Van Global Hedge Fund Advisors, LLC (“VAN”) has launched an OLE_LINK1investable hedge fund index, the Van Tracker Fund SPC, Ltd. (“VTF”), that tracks the performance of the Van Offshore Hedge Fund Index excluding Funds of Funds (the “Index”).
The VTF, which launched on May 1, is the first offering based on the Van Companies’ indices and VAN’s proprietary portfolio construction methodology, the company says. The product is designed to permit investors to participate in the strong performance and low risk that the broad universe of hedge funds has demonstrated since its inception.
“We are very excited about the VTF,” says Tom Whelan, Chief Executive Officer. “We have been developing worldwide distribution and are interested in exploring distribution with other potential distributors, institutional investors and other users. The VTF represents the ideal hedge fund investment product because it can be shown to represent the hedge fund universe.

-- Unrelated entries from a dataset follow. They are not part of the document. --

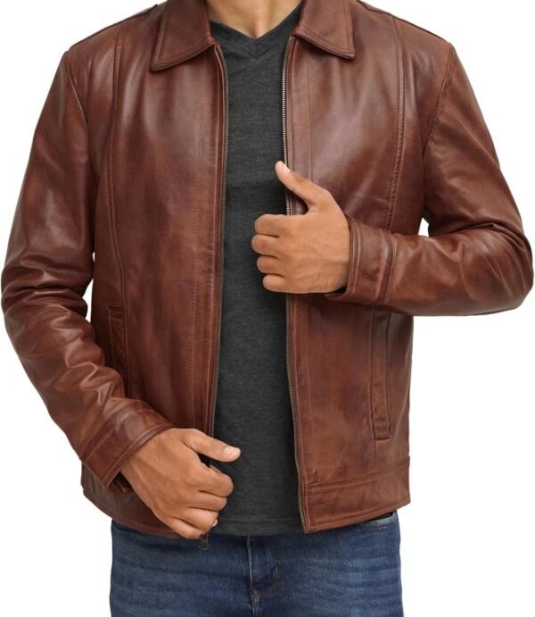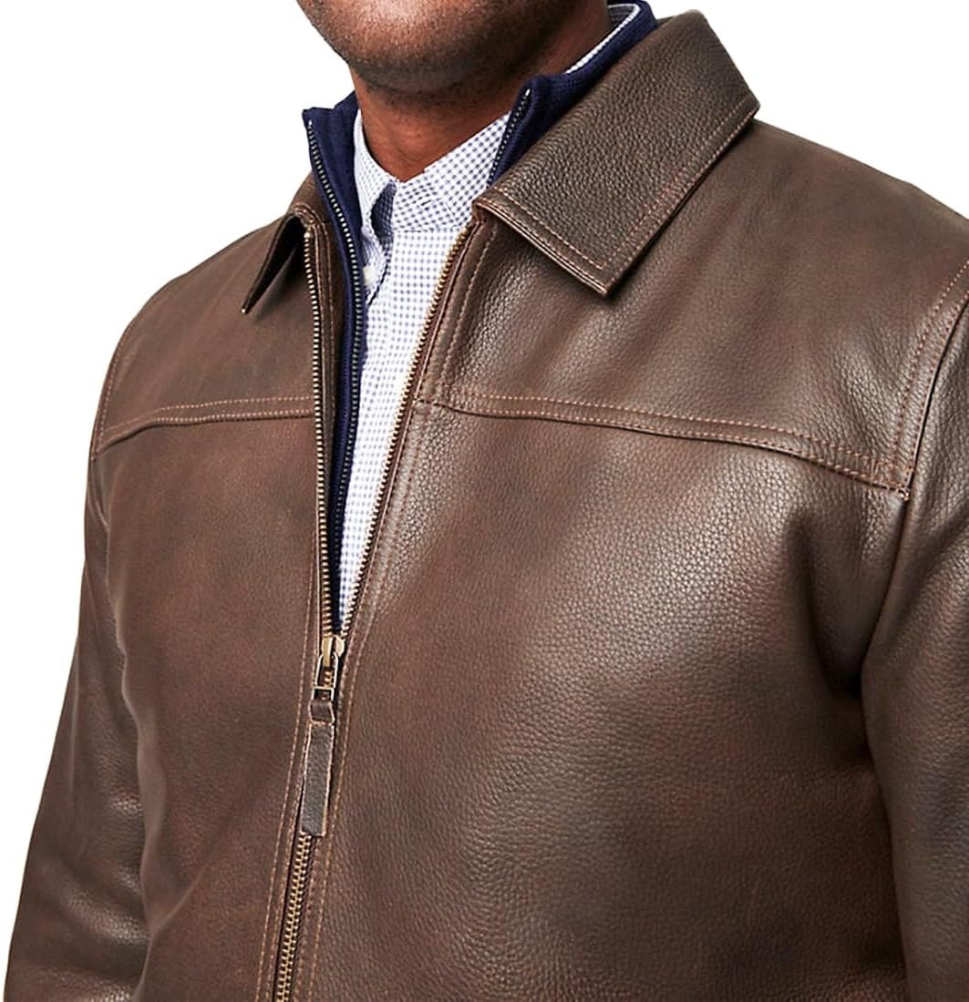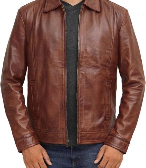 - This classic leather jacket for men usually features a simple, minimalist design, with a front zipper closure, a shirt-style collar, and two front pockets and two inner pockets. The brown color is a popular choice as it is sleek, sophisticated, and can match well with most outfits. mens brown learher jacket.
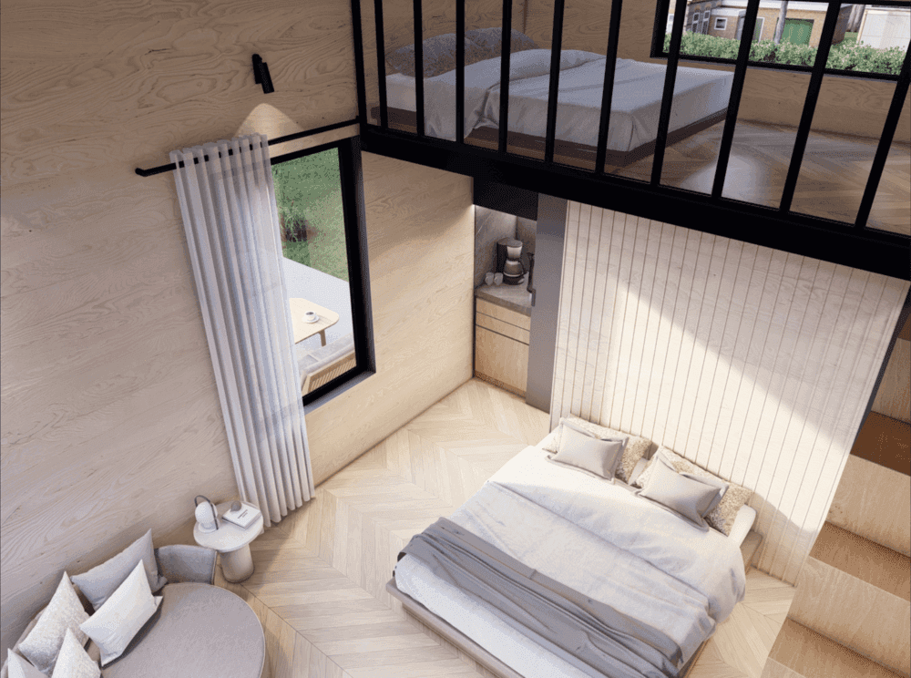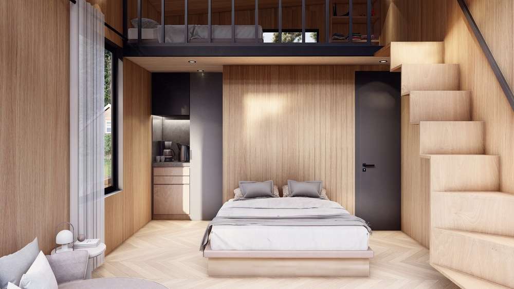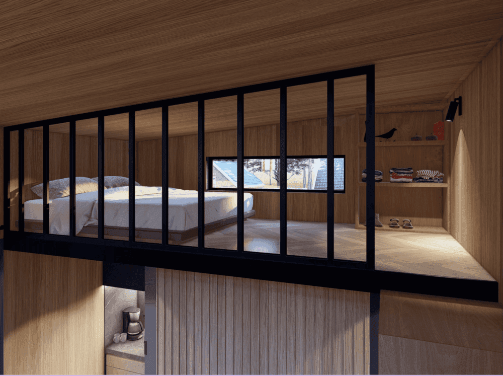 Tiny Loftcabin es una cabaña modular vendida por Tiny, una empresa con sede en Holanda. Esta Cabina ofrece 20 m² de espacio habitable, con capacidad para dos personas.
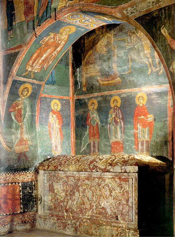 Када је реч о његовим представама у средњовековној уметности ,,најстарији пример, ако изузмемо поменуту представу с диптиха из манастира Светог Павла, налази се у цркви Богородице Одигитрије у пећи. Настао је око 1335. године”.
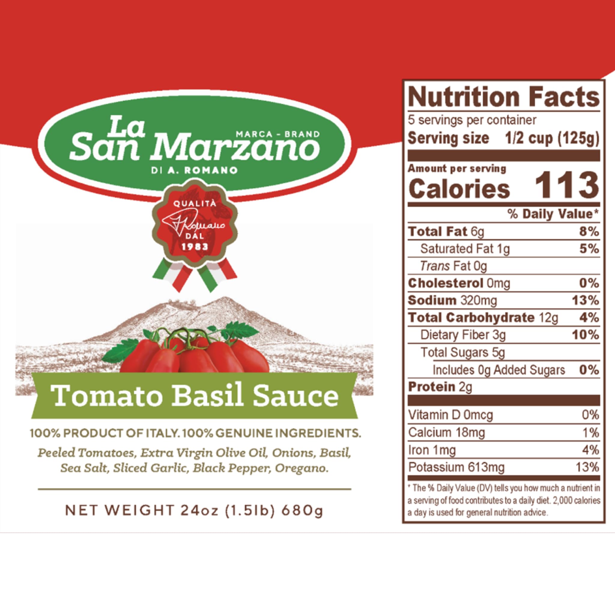 La San Marzano Tomato Basil Sauce, 24 oz, Pasta Sauce Made in Italy, All Purpose Tomato Premium Quality, All Natural, Mediterranean Diet, Non GMO, Vegan, Gluten Free

“Institutions such as pension funds, foundations and endowments can choose to use it as their core hedge fund product. We believe that they can take comfort in the VTF’s broad diversification of strategies and funds. Our goal is to have it provide performance over time, equivalent to that of the hedge fund universe. This performance, as measured by our Index, has been excellent over the last 16 years,” Whelan says.

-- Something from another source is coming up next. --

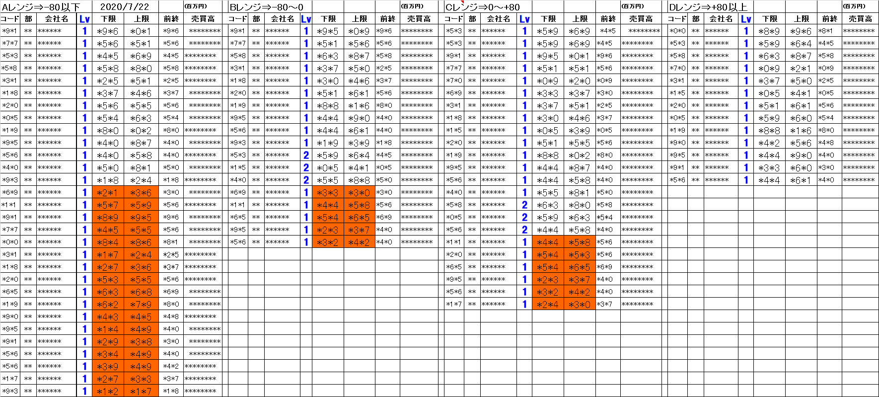 2020/7/22(水曜日) 今日のシステムトレードの仕掛候補一覧です。今日の日経の寄り付きはAレンジでした仕掛表の各レンジは日経平均の前日終値比で以下のよ... ...続きを読む
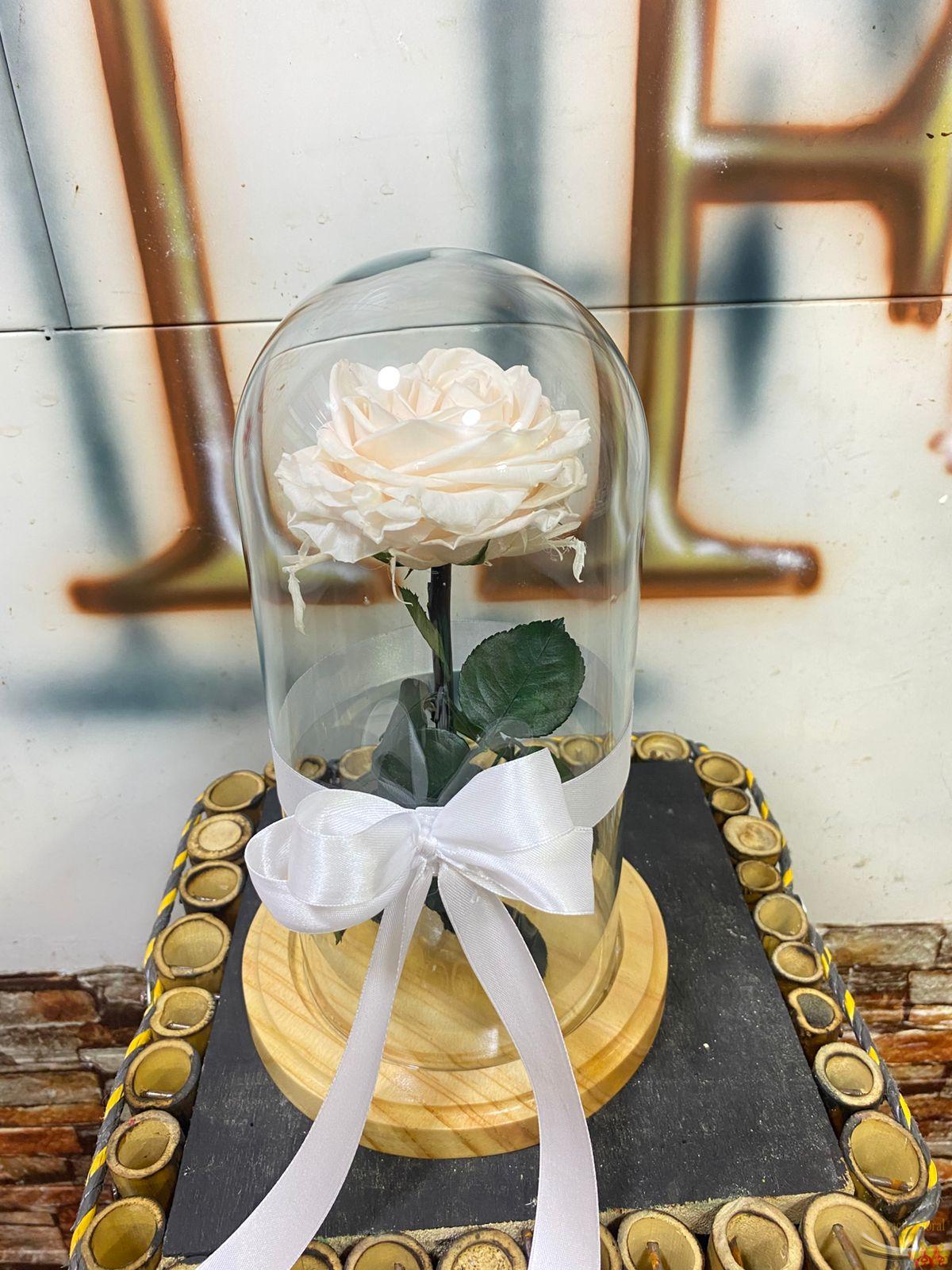 Rosa Preservada Blanca que dura aproximadamente 3 años con los siguientes cuidados: Mantener la urna limpia y en su lugar, Debe recibir luz solar.

The Index began with a value of 1,000 in January 1988 and climbed to a value of 9,269.86 by March 2004. Over a 16 1/4-year history, the Index has generated a net compound annualized return of 14.7%. Additionally, hedge funds, as represented by the Index, have offered these returns with a reduced risk profile, the company says.
The Index, at a compound annual return of 14.7%, has outperformed both the S&P 500, at 12.4%, and the MSCI World Equity Index at 6.3% with less risk since its inception in 1988, it points out. Hedge funds in aggregate, in most multi-year periods, have provided both higher returns and lower statistical risk than most world equity indices, bond indices and traditional mutual funds. Additionally, research by VAN shows that hedge funds have clearly demonstrated their ability to protect investors’ money during market downturns and have provided an opportunity to earn returns that do not depend entirely on market direction, the company says.

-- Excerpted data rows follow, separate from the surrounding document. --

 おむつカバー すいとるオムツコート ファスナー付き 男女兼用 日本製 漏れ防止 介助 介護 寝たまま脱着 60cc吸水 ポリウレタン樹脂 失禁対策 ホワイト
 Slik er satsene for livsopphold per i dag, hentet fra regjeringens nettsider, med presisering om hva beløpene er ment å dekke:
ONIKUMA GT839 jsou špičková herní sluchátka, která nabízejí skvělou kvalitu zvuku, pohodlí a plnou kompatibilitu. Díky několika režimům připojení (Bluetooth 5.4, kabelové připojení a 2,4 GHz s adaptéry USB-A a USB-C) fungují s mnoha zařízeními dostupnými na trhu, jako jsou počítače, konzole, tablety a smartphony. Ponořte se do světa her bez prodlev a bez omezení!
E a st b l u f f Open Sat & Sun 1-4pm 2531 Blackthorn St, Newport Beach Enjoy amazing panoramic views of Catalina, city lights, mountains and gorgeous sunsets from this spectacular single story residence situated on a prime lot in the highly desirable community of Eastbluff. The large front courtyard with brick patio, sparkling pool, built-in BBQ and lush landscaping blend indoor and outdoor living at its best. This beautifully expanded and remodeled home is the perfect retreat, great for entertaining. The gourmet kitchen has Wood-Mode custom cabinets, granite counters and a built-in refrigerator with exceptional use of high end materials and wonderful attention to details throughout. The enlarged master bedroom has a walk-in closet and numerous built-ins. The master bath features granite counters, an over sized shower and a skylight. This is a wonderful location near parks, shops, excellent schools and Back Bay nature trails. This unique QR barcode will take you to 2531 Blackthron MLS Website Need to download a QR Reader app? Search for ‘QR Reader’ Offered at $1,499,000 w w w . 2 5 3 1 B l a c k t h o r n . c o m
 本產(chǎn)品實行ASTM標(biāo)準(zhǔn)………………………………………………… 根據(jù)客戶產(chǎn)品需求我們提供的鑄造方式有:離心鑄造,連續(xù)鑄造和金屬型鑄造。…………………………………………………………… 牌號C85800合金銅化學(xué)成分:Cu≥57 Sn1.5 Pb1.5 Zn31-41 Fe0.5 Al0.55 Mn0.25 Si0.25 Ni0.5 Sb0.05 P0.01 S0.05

With academic assistance, VAN has formulated portfolio structuring and fund selection protocols to produce a fund that will provide the investor the opportunity to participate in the performance produced by the broad hedge fund universe by tracking the Index. VAN will measure and report tracking error between the VTF and the Index in keeping with the principal of transparency. The VTF is diversified across all major hedge fund strategies in the proportions in which they exist in the universe and provides access to the broadest selection of hedge funds by minimizing constraints.